I want to perform some mathematical operations such as addition/subtraction, mean etc. on the data read from the file. The data is two dimensional, looks something like this: So now for example I want to subtract first row from the 3rd or 4th, it is very simple in python using indexing, but I have no idea how to do in c++. Here is the code I'm using.

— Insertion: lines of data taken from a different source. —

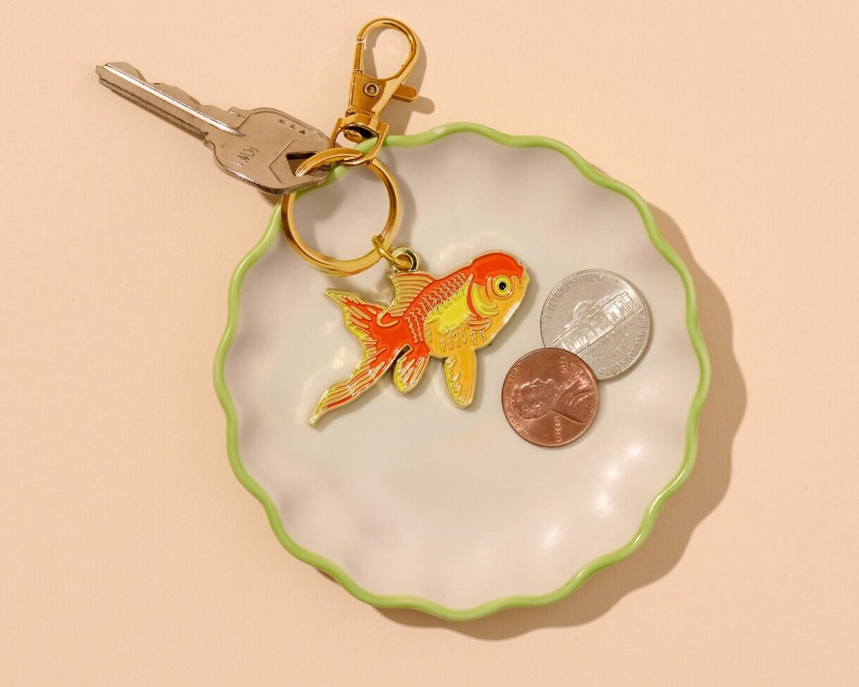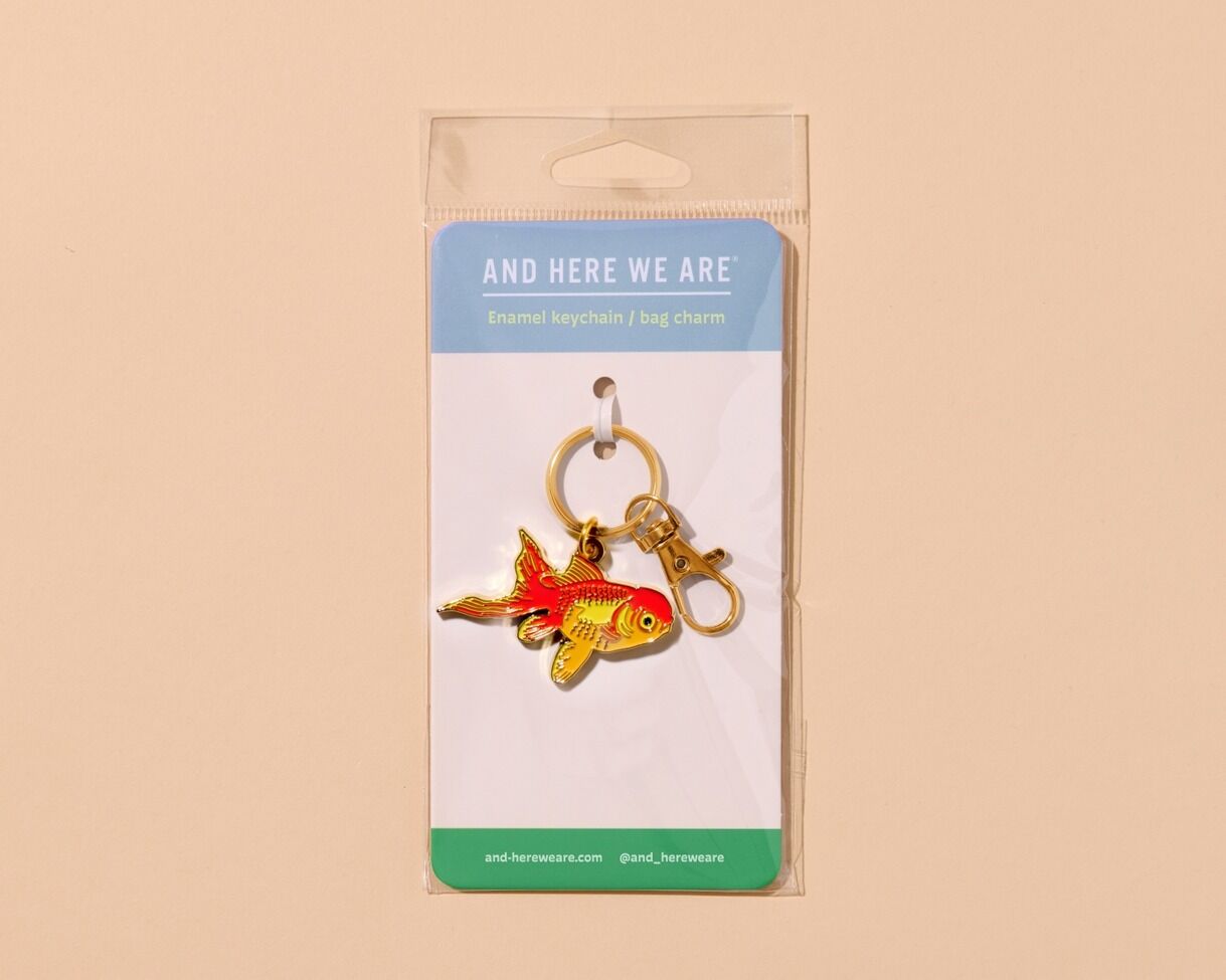 Soft enamel keychain with lobster clasp designed and packaged in Columbus, USA.
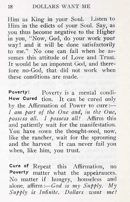 Poverty- is a mental condition. It can be cured only by the Affirmation of Power to cure:I am part of the One and, in the One, possess all. I possess all! Affirm this and patiently wait for the manifestation. You have sown the thought-seed, now, like the rancher, wait for the sprouting and the harvest. It can never fail you when, like him, you trust.
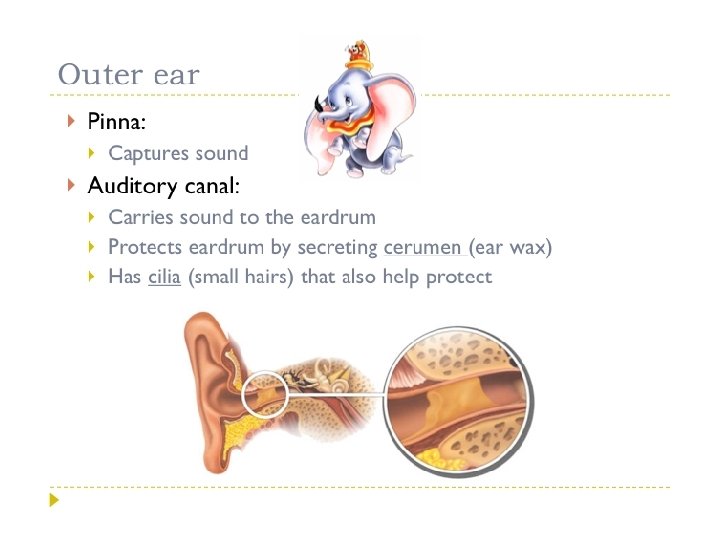 Outer Ear • Pinna (auricle): only visible part of the ear. It is shaped like a funnel to pick up sound vibrations easily from air • Auditory canal: slightly curved, about 2. 5 cm long canal that carries sound vibrations to the eardrum. It is lined with fine HAIR and sebaceous glands (produce wax)= prevent foreign bodies from entering the ear
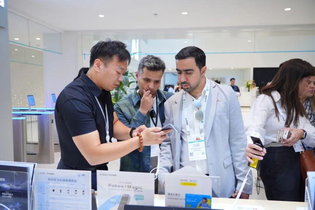 參訪中,訊飛的雙屏翻譯機吸引了代表團的目光,大家爭先嘗試這款新發布的翻譯機,其中還有一位代表更是直接入手了兩臺。
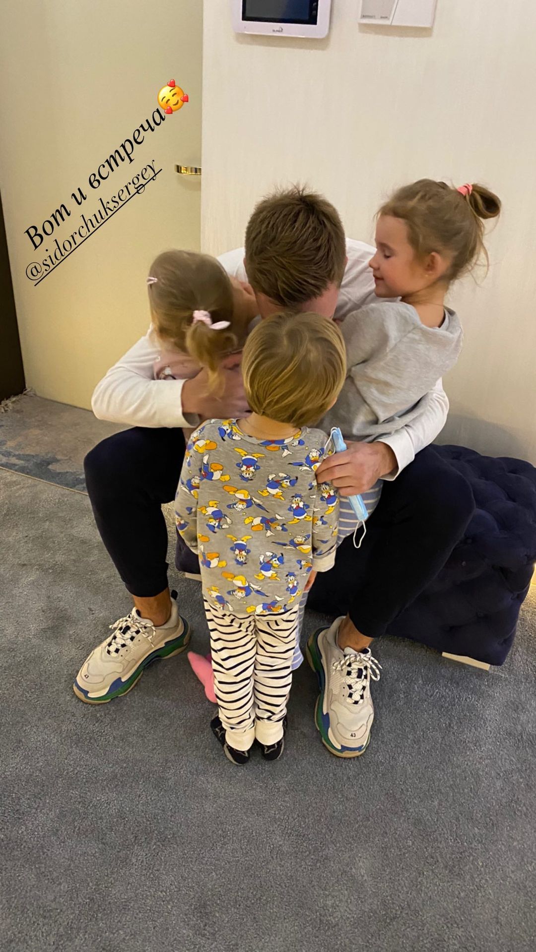 "Ось і зустріч", - написала Анна Сидорчук, опублікувавши фотографію чоловіка, який обіймає дітей.
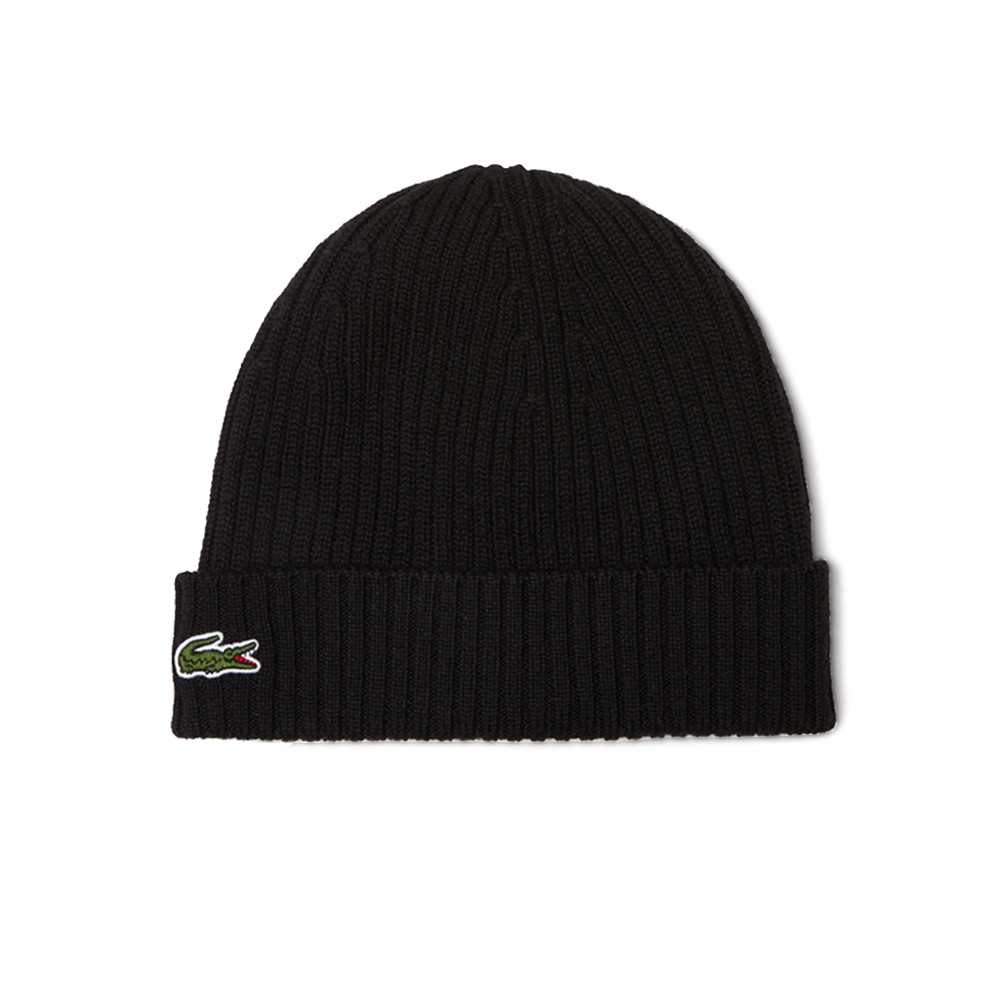 BONNET COTELÉ LACOSTE EN LAINE UNI NOIR
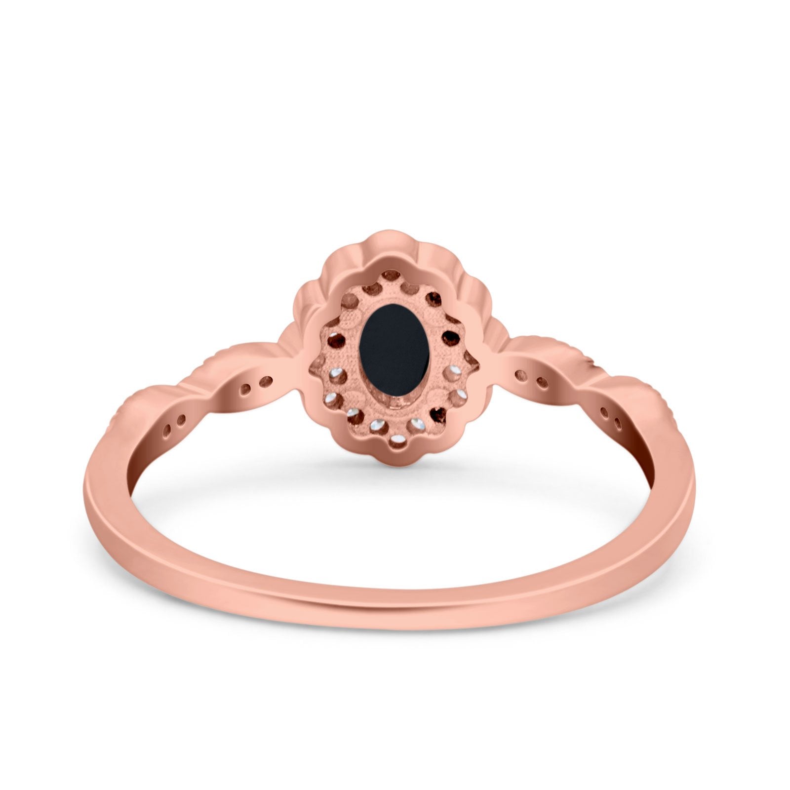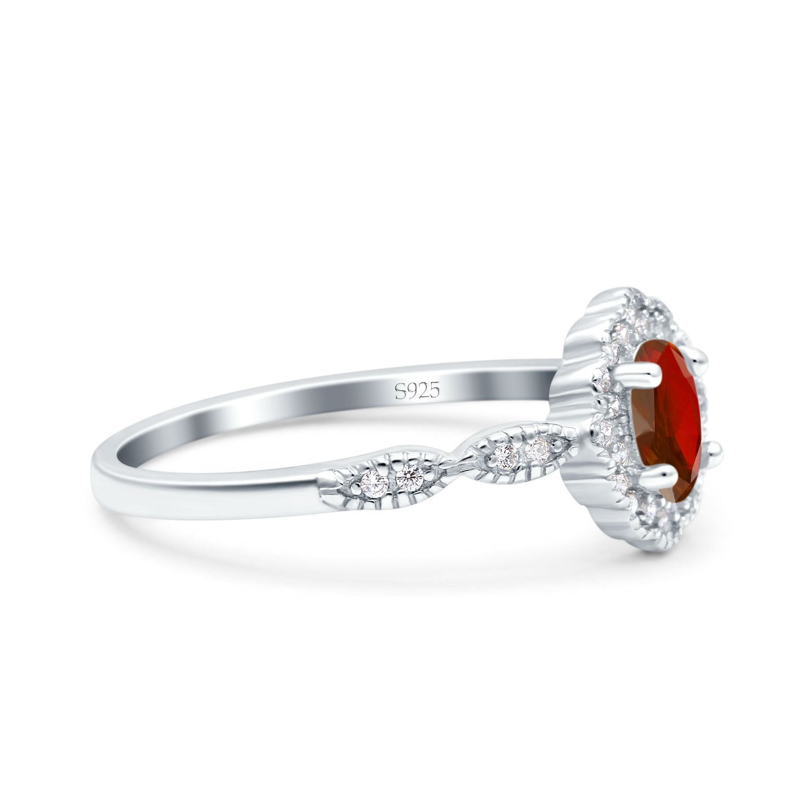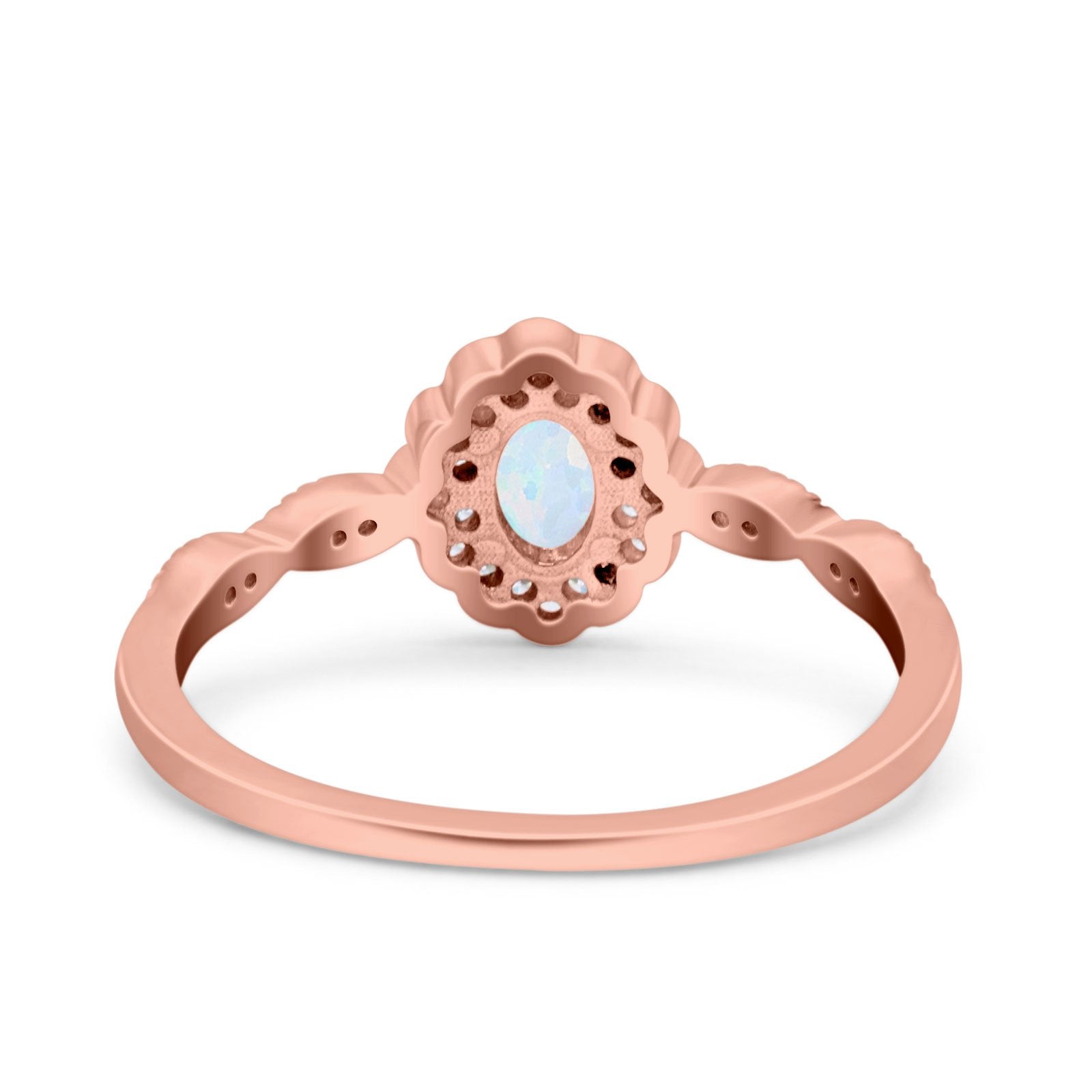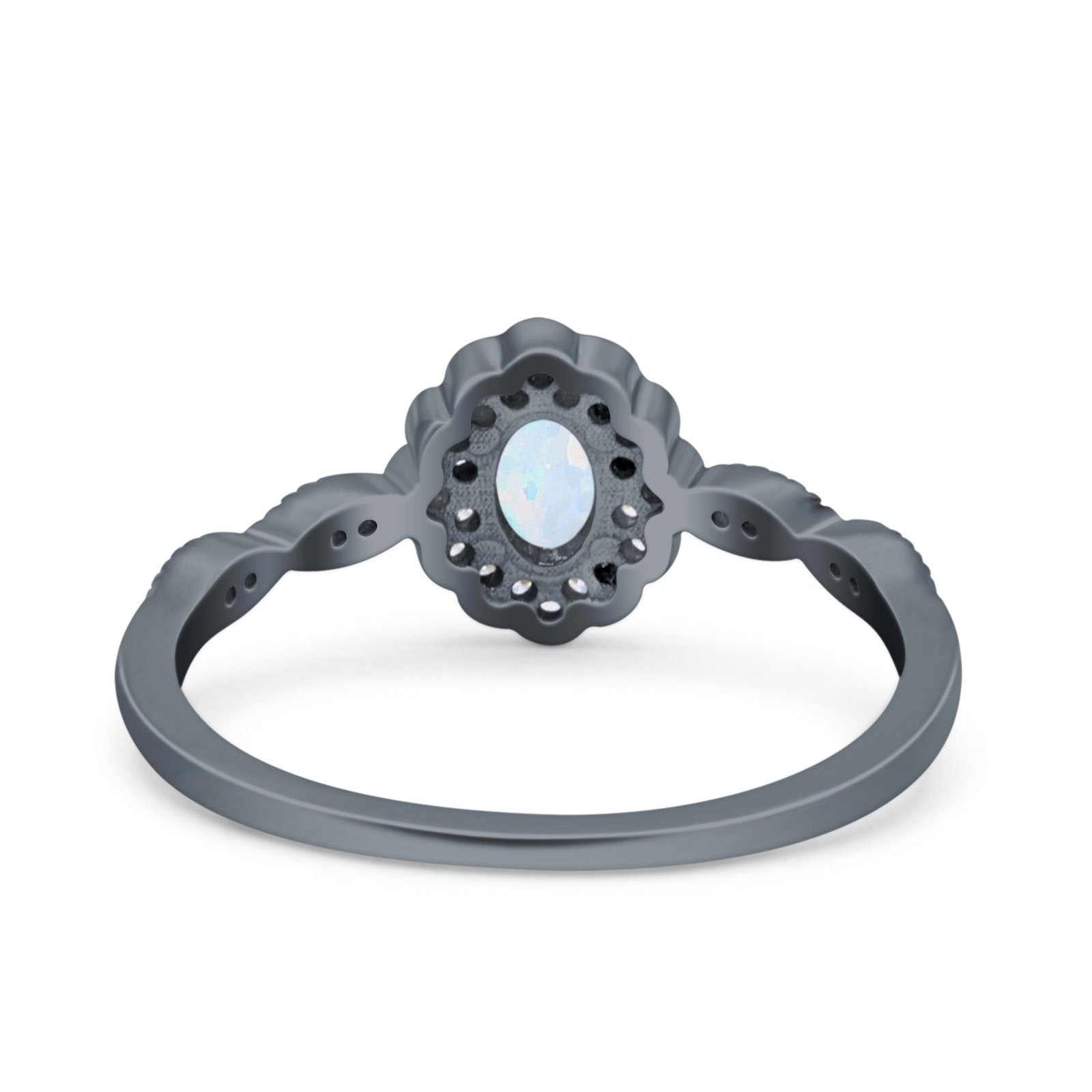 Halo Vintage Floral Art Deco Wedding Bridal Ring Oval Simulated Cubic Zirconia 925 Sterling Silver
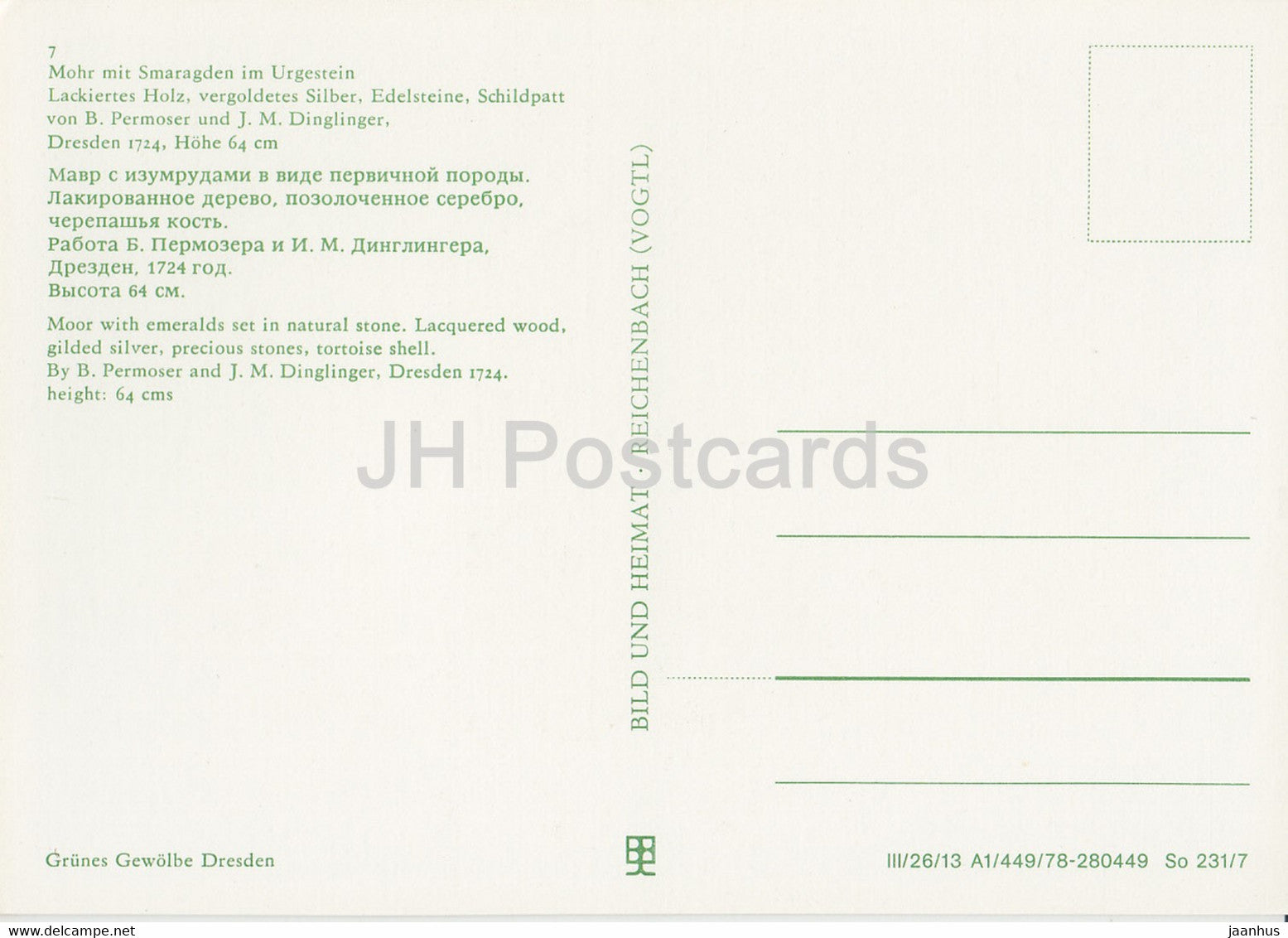 Mohr mit Smaragden im Urgestein - 1 - Moor with emeralds set in natural stone - Grunes Gewolbe - DDR Germany - unused

#include <boost/multi_array.hpp>
#include <boost/timer/timer.hpp>
#include <boost/range/irange.hpp>
#include <h5xx/h5xx.hpp>
#include <iostream>
#include <vector>
#include <algorithm>
#include <iterator>
#include <string>

using array_2d_t = boost::multi_array<float, 2>;

template <typename T> 
void print_array(T const& array)
{
    for (auto const& row : array) 
        { for (auto v : row)
            printf("%10f ", v);
        printf("\n"); //prints a new line similar t0 \n
    }
    std::cout << "\n End of file" << std::endl;
}

array_2d_t read_frame(std::string const& filename, unsigned frame_no) {
    //h5xx::file xaa("../../data/xaa.h5", h5xx::file::mode::in);
    h5xx::file xaa(filename, h5xx::file::mode::in);

    h5xx::group   g(xaa, "particles/lipids/box/positions");
    h5xx::dataset ds(g, "value");

    // determine dataset shape: frames, particle count, space dimension
    auto ds_shape = h5xx::dataspace(ds).extents<3>();
    array_2d_t arr(boost::extents[ds_shape[1]][ds_shape[2]]);

    std::vector<hsize_t> offsets{frame_no, 0, 0};
    std::vector<hsize_t> counts{1, arr.shape()[0], arr.shape()[1]};
    //std::vector<hsize_t> strid{1, arr.shape()[0], arr.shape()[1]};
    // slice ohne stride:
    h5xx::slice slice(offsets, counts);
    h5xx::read_dataset(ds, arr, slice);
    return arr;
}

int main(int argc, char const* argv[])
{
    if (argc < 2) {
        std::cout << "Usage: " << argv[0] << " input.h5" << std::endl;
        return -1;
    }
    std::string filename(argv[1]);
    print_array(read_frame(filename, 1));
    return 0; 
}

read_frame function takes the argument filename and frame_no. The file is divided into frames each containing (11214) rows, but it is not important to know here. So read_frame returns the two dimensional data for every frame. In the main() function I can print the data for every frame, but now suppose I want to subtract the first frame from the second, how can I do that? Does anyone know ho

Can you show the Python? That will make it clear /what/ you want to achieve, not how you think it should have worked — sehe, Oct 27 '21 at 22:09
@sehe to be precise I want to take the average of first 4 frames and then subtract that from the fifth frame. But first I just want to learn about the basic operations on these frames. — Mahesh, Oct 27 '21 at 22:18
That's ... not what I asked for. But you know, I'll add in a few — sehe, Oct 27 '21 at 22:22

score 1 · Accepted Answer · answered Oct 27 '21 at 22:19

So, what the data looks like in text form is very irrelevant. What's relevant is that you have to arrays of the same dimensions and want to apply element-wise arithmetic operations to it.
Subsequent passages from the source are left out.